START SUPPLIED RECORDS

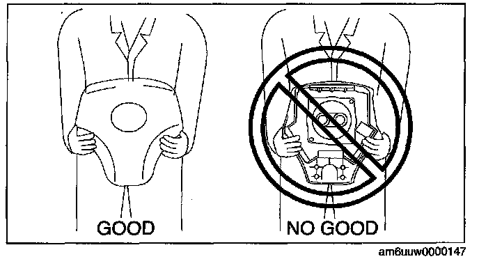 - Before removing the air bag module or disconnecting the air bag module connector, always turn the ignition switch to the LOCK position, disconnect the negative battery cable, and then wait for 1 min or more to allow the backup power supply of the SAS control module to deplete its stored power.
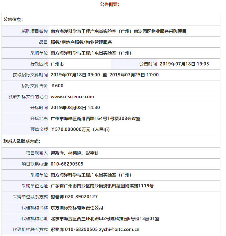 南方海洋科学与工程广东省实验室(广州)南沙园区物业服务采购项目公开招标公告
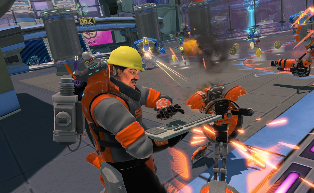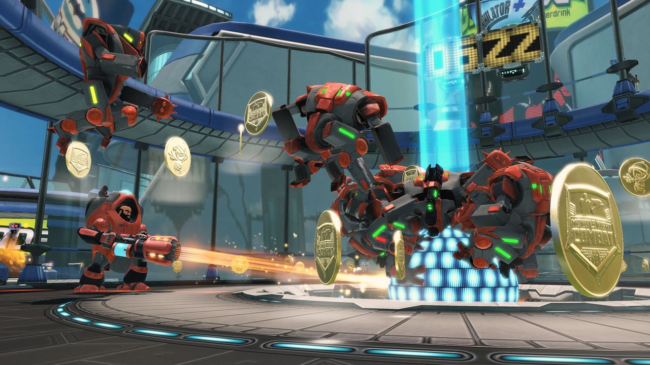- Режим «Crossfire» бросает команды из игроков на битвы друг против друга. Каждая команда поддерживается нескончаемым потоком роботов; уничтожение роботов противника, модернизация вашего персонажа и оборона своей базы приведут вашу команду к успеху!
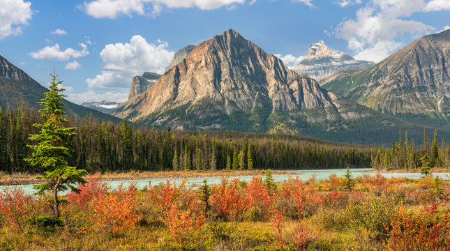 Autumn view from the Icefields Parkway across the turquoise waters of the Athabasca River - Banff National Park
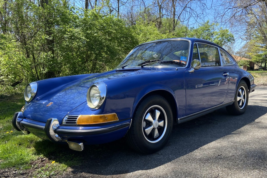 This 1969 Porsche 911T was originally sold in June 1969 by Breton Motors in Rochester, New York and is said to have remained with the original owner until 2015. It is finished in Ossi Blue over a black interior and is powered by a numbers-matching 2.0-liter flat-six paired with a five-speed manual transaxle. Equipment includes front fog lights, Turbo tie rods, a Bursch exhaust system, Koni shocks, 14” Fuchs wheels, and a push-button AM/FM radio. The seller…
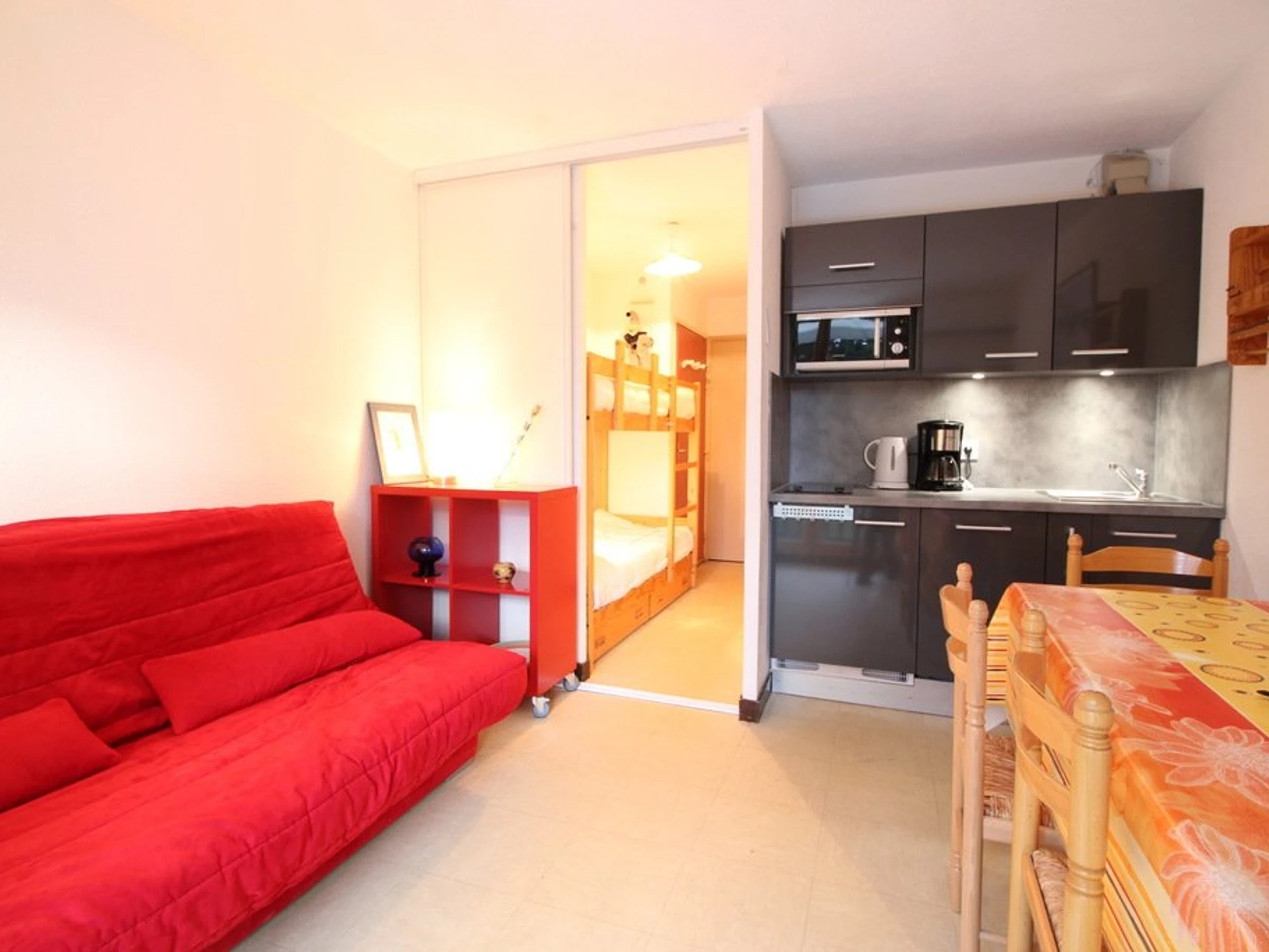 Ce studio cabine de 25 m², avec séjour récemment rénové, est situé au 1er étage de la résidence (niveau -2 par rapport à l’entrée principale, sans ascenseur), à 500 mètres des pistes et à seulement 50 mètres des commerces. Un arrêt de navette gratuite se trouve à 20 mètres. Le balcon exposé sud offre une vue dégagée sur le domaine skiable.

END SUPPLIED RECORDS
START SUPPLIED RECORDS

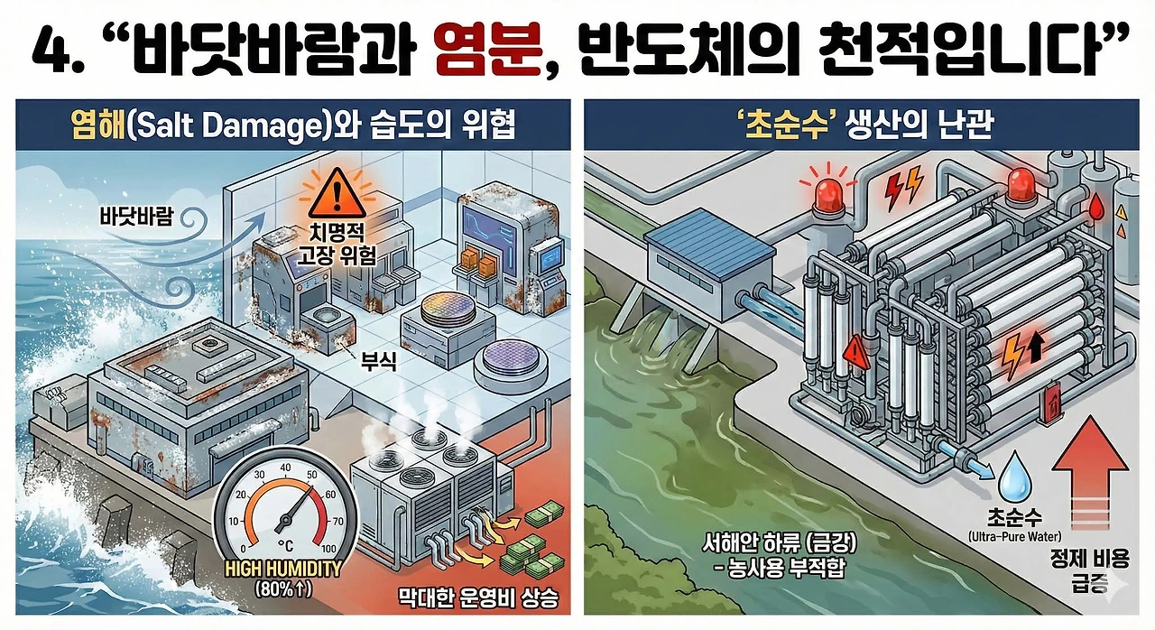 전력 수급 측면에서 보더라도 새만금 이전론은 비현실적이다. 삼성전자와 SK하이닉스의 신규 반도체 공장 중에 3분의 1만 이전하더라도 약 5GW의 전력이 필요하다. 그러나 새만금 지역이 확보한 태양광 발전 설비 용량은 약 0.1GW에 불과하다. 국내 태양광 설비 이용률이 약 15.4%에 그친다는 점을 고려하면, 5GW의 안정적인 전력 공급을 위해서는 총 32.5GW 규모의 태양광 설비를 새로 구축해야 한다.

END SUPPLIED RECORDS
START SUPPLIED RECORDS

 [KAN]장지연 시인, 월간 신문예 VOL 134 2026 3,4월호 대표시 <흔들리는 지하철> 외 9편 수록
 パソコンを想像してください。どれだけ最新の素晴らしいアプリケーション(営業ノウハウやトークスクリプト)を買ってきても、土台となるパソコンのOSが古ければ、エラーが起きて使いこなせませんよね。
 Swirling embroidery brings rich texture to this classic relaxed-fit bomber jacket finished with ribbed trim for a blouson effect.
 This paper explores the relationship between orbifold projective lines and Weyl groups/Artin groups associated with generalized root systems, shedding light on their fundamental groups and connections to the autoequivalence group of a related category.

END SUPPLIED RECORDS

• [WORK TASK]:
Take only the lines above from the one that has "Autumn view from" through the one that has "This 1969 Porsche" and reproduce them exactly, omitting any pictures.

• [RESPONSE TO THE TASK]:
 Autumn view from the Icefields Parkway across the turquoise waters of the Athabasca River - Banff National Park
 This 1969 Porsche 911T was originally sold in June 1969 by Breton Motors in Rochester, New York and is said to have remained with the original owner until 2015. It is finished in Ossi Blue over a black interior and is powered by a numbers-matching 2.0-liter flat-six paired with a five-speed manual transaxle. Equipment includes front fog lights, Turbo tie rods, a Bursch exhaust system, Koni shocks, 14” Fuchs wheels, and a push-button AM/FM radio. The seller…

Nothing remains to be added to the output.